Multiple Documents = Collection

` { 
  _id: ObjectId(8af37bd7891c), 
  title: 'MongoDB Lab',
  description: 'Introductory lab on how to use MongoDB',
  by: 'Flatiron School',
  topics: ['mongodb', 'database', 'NoSQL', 'JSON']  
   }, 
{ 
  _id: ObjectId(8af37bd78ssc), 
  title: 'Other Lab',
  description: 'Introductory lab on how to use something',
  by: 'Flatiron School',
  topics: ['blah', 'blah', 'blah', 'blah']  
   }
`

#### Working with MongoDB

Assuming you have installed/setup mongo and pip installed pymongo...

In [None]:
import pymongo

In [None]:
#connect to your server - it should be running at 'mongodb://127.0.0.1:27017/'
myclient = pymongo.MongoClient("mongodb://127.0.0.1:27017/")

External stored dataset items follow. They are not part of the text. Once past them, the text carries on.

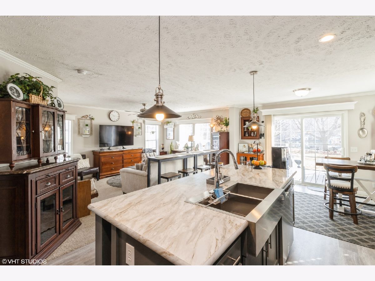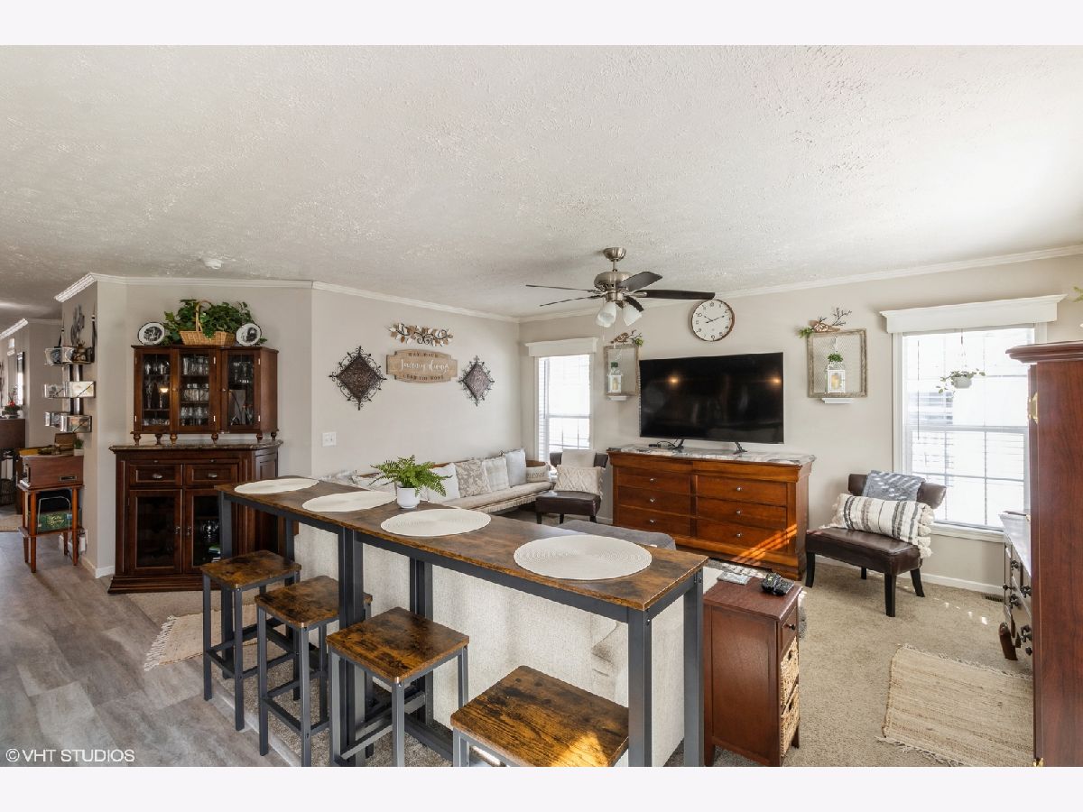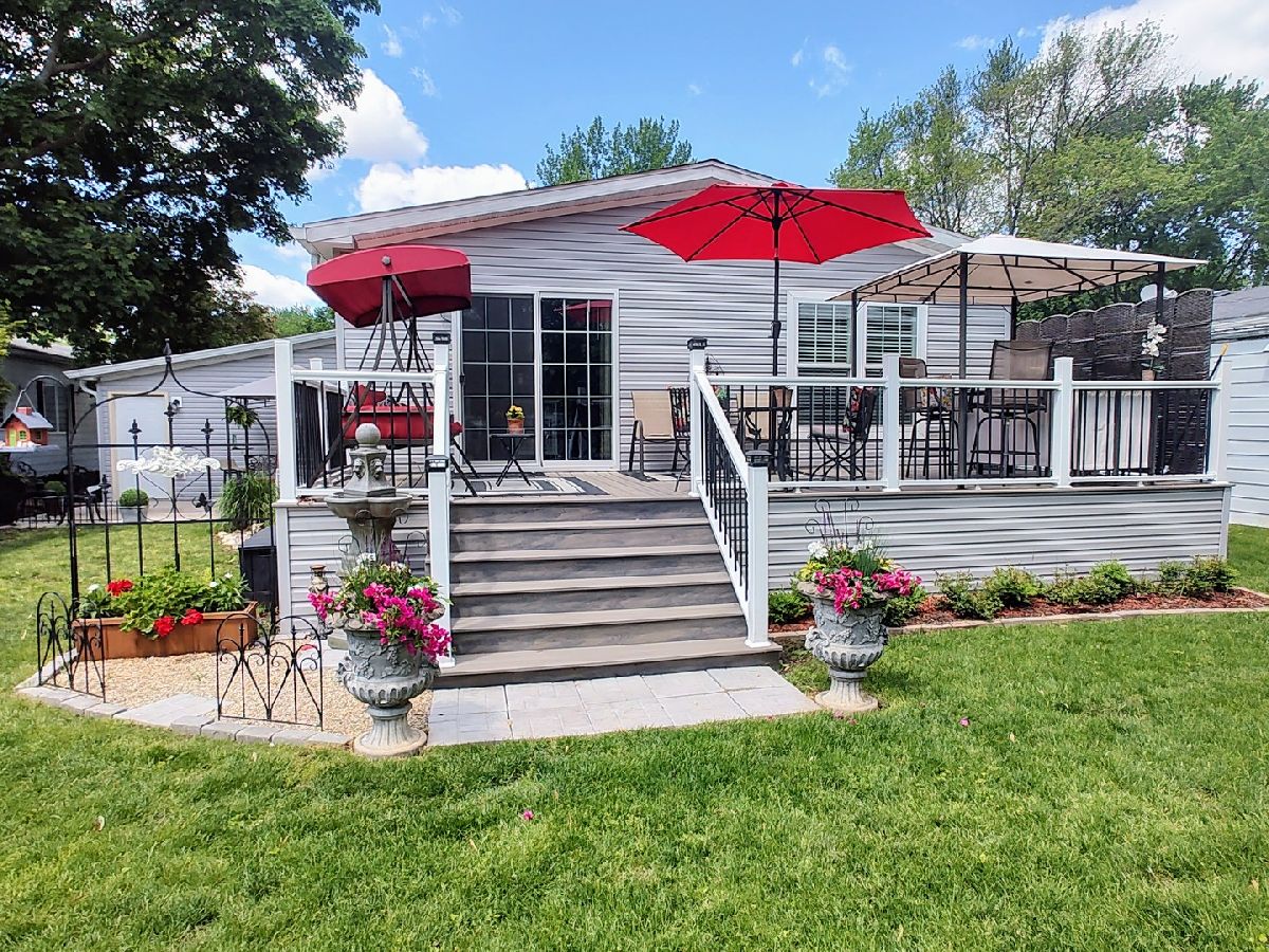Experience year-round bliss on the picturesque Fox River in this stunning manufactured home located in Willow Lake Estates, an AGE-QUALIFIED (55+) COMMUNITY! Boasting 2 bedrooms plus a den and 2 full baths, this residence is designed to maximize views of the river! Step inside to find a seamless flow from the entry through the house, leading to sliding glass doors opening to the Trex composite deck. The den offers versatility and can easily be converted into a third bedroom if desired. The primary bedroom features a ceiling fan, a spacious walk-in closet, and a luxurious en-suite bath with double sinks. A second bath serves the additional bedroom and guests. Entertain effortlessly in the spacious great room, where the living room, kitchen, and dining area harmonize beautifully. The kitchen is equipped with stainless steel appliances, ample counter space, and cabinets galore. Gather around the island for casual meals or snacks! Outside, the deck provides the perfect spot to unwind, with a bar included for cocktail hours and various seating areas to soak in the breathtaking river views. The laundry room conveniently connects to the expansive dry-walled garage, offering plenty of storage, including a custom-made walk-in closet. With everything just 2 years old, enjoy peace of mind and worry-free living for years to come. Don't miss out on this unparalleled opportunity to make every season special in your new Fox River haven! The monthly "HOA" lot rental fee includes lawn care, snow removal and access to the swimming pool, a private stocked lake, and a clubhouse with activities, a workout area and library. Close to I90, METRA stations, PACE, shopping & restaurants; you'll find everything you need just a short drive away. Please note that a lot rental application, credit & background check are required. NO RENTALS ALLOWED.
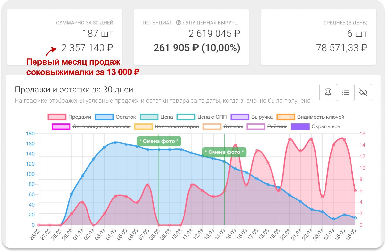 Большинство продавцов уверены, что на WB можно продавать только дешевые товары. Это не так. Продавать дорогие и качественные товары проще, потому что у тебя почти нет конкурентов. Например, мы запускали соковыжималку за 13 000 рублей на WB и продали на 2,5 млн в первый месяц. Ближайший конкурент стоил на 5000 рублей дешевле.
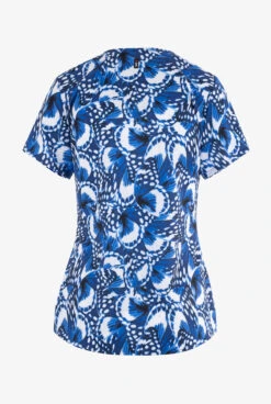 Grey’s Anatomy Spandex Buttterfly Blues Women’s 4-Pocket STRETCH V-Neck Print Scrub Top
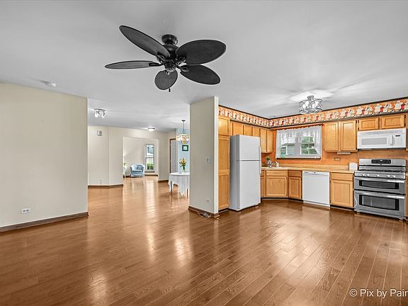 Your New Home Sweet Home Awaits! Picture yourself in this charming 2-bedroom, 2-bathroom End-unit Ranch Townhome with full basement. You'll love how the open floor plan flows beautifully from room to room, and with tons of windows (2012), you'll wake up to sunshine streaming in every morning. The hardwood floors throughout most of the home give it such a cozy, feel that's perfect for bare feet or fuzzy slippers. When it's time to unwind you can retreat to the primary suite with vaulted ceilings that make the space feel so airy and open. Plus, you've got a walk-in closet for all your treasures and a private bathroom with a walk-in shower that'll make your morning routine a breeze. Step out from the kitchen onto your own deck where you can sip your morning coffee, fire up the grill for weekend barbecues, or just relax with a good book. Plus on those chilly Fall days you can snuggle up with a warm fire. And that full basement? It's like a blank canvas waiting for your creativity - whether you want a home gym, craft room, man cave, or just amazing storage space. The attached 2-car garage (with a super handy accessible ramp) means no more scraping ice off your windshield, and you're going to love being so close to all the great shopping and restaurants along Army Trail and County Farm Road. Everything you need is just minutes away! This isn't just a house - it's your next chapter waiting to begin. Schedule your showing today!
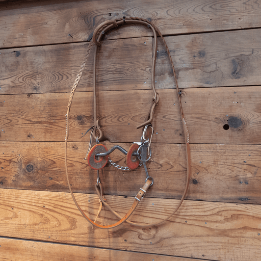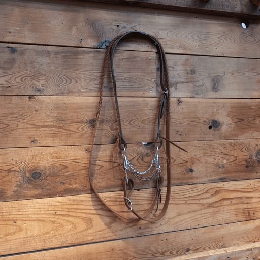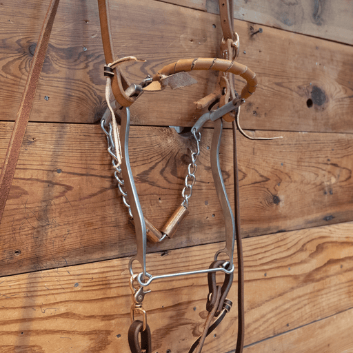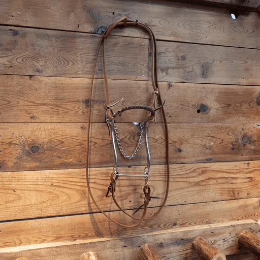 MISCMouthpiece: Hackamore Shank: 9" Headstall: Leather Single Ear Reins: Leather Rope Reins Curb: Chain with Copper Rollers *This Item does not quali...
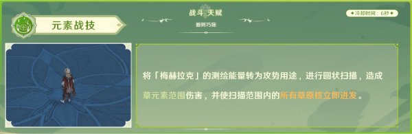施放E时,会在卡维脚下出现一个绿色的圆盘,然后卡维提着的那个手提箱(梅赫拉克)会以逆时针在圆盘中心转一圈,转完一圈后,若圆盘范围内有敌人,则会对敌人造成草元素伤害并施加草附着,若圆盘范围内有草原核,则会让草原核立即爆发。
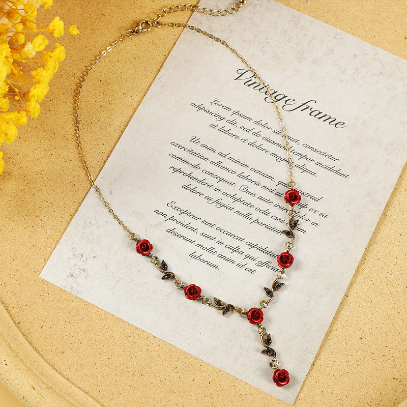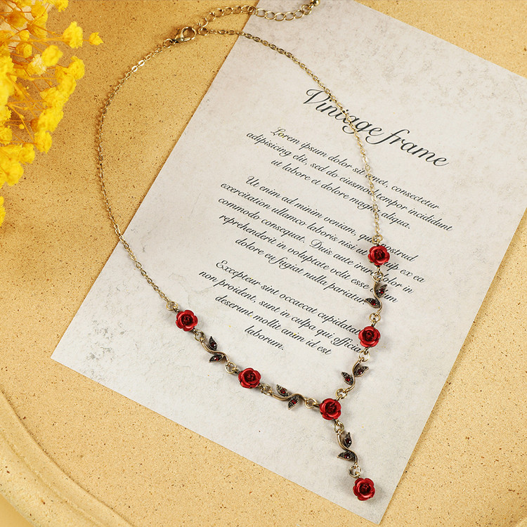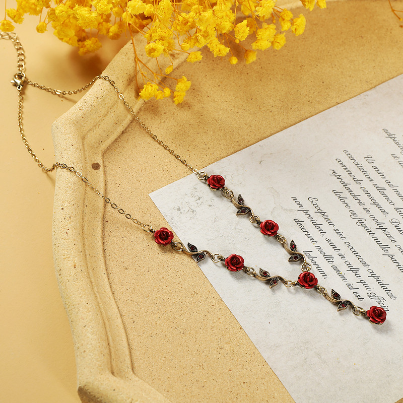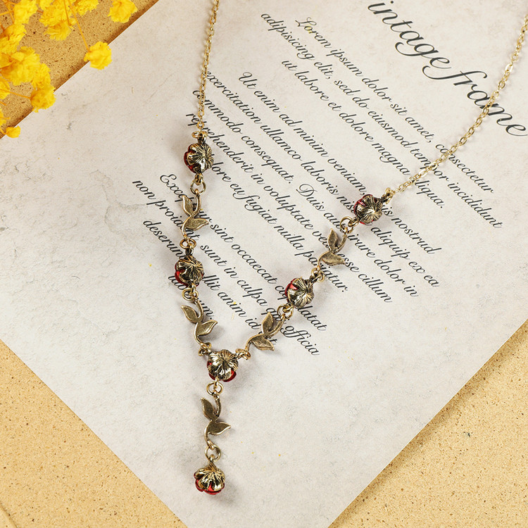 Ретро ожерелье, подвеска, цепочка до ключиц, браслет, европейский стиль, французский стиль, в стиле «Мори», в цветочек
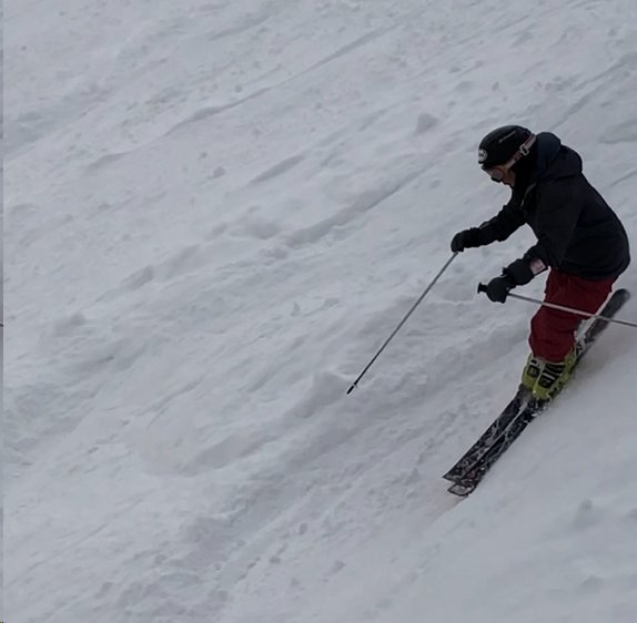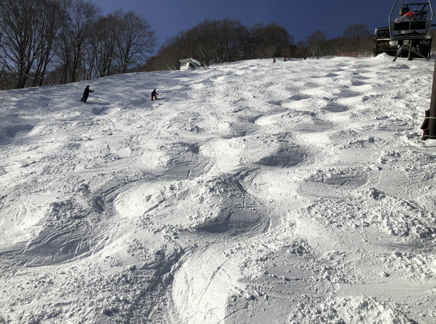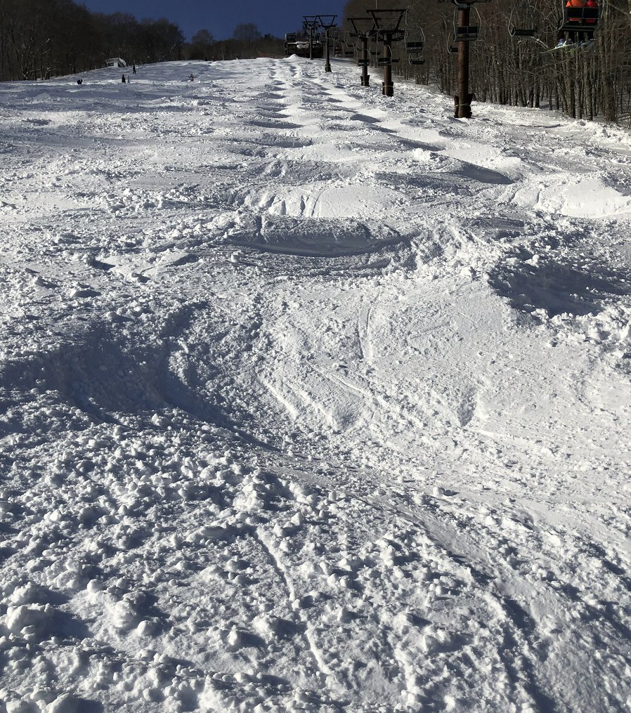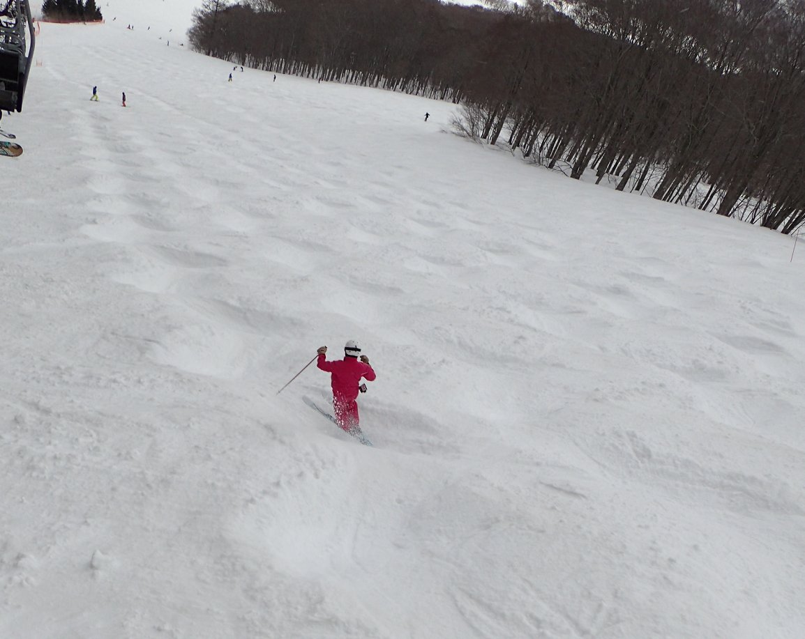5センチほど積もって、コブに乗り、

#grab a database from your server 
mydb = myclient['example_data']

#this can be a new one or an existing one (if it doesn't exist, it will get 
# create when you write data into it)

In [None]:
myclient.list_database_names()

In [None]:
#initialize an empty collection - this where your 'documents' will go
mycollection = mydb['example_collection']

In [None]:
example_data = {'name': 'John Doe', 'address': '123 elm street', 'age': 28, 'children': ['Jane', 'Joe']}
mycollection.insert_one(example_data)

In [None]:
#get all the documents in a collection
query = mycollection.find({})

In [None]:
for document in query:
    print(document)

In [None]:
example_data_2 = [{ 'name': 'FangFang', 'address': 'Somewhere'}, 
                  {'name':'Vishal'}, 
                  {'name' : 'TayTay', 'address': 'everywhere'}
                 ]
mycollection.insert_many(example_data_2)

In [None]:
query_1 = mycollection.find({})

In [None]:
for document in query_1:
    print(document)

In [None]:
query_2 = mycollection.find({'name': 'John Doe'})

In [None]:
for document in query_2:
    print(document)

In [None]:
#searching for a record
query_3 = mycollection.find({'name': 'John Doe'})

In [None]:
for document in query_3:
    print(document)

In [None]:
#updating records is super easy! 
record_to_update = {'name' : 'John Doe'}
update_1 = {'$set': {'age': 29, 'birthday': '2/8/1990'}}

mycollection.update_many(record_to_update, update_1)

In [None]:
#searching in a list in a document
query_4 = mycollection.find({'children': 'Jane'})
for item in query_4:
    print(item)

In [None]:
#removing a key:value from a document
update_2 = {'$unset': {'brithday': ''}}

mycollection.update_many(record_to_update, update_2)

In [None]:
query_5 = mycollection.find({'name': 'John Doe'})
for item in query_5:
    print(item)

In [None]:
#delete record
mycollection.delete_one({'name' : 'John Doe'})

In [None]:
#delete all records
mycollection.delete_many({})

#### Your Turn

Open password.py and enter your Instagram username and password (remember to remove this or add it your .gitignore before pushing up to GitHub) 

In [None]:
from bs4 import BeautifulSoup
from selenium import webdriver
from selenium.webdriver.support.ui import WebDriverWait 
from selenium.webdriver.common.keys import Keys
from selenium.webdriver.common.by import By

from password import *

In [None]:
driver = webdriver.Chrome()
driver.get("https://www.instagram.com/accounts/login/")
email_input = driver.find_elements_by_css_selector('form input')[0]
password_input = driver.find_elements_by_css_selector('form input')[1]
email_input.send_keys(username)
password_input.send_keys(password)
login = driver.find_element_by_xpath('//*[@id="react-root"]/section/main/div/article/div/div[1]/div/form/div[4]/button')
login.click()
try: 
    not_now = WebDriverWait(driver, 15).until(
        lambda d: d.find_element_by_xpath('//button[text()="Not Now"]')
    )
    not_now.click()
except: 
    pass
driver.get("https://www.instagram.com/explore/tags/puppies/")
grid = driver.find_element_by_xpath('//*[@id="react-root"]/section/main/article/div[1]/div/div')
html = grid.get_attribute('innerHTML')
driver.close()
soup = BeautifulSoup(html)

The variable soup now contains a beautiful soup object of all the html elements related to the image grid on Instagram. Loop over this object and store the image url and the category text into your MongoDB. 

In [None]:
#the code below is to access the image src (url) and the description of the first element (an image) 
#in your 'soup'
soup.findAll('img')[0]['src']
soup.findAll('img')[0]['alt']

In [None]:
myclient = pymongo.MongoClient("mongodb://127.0.0.1:27017/")
insta_db = myclient['insta_db']
#insert your data into this collection
insta_collection = insta_db['insta_collection']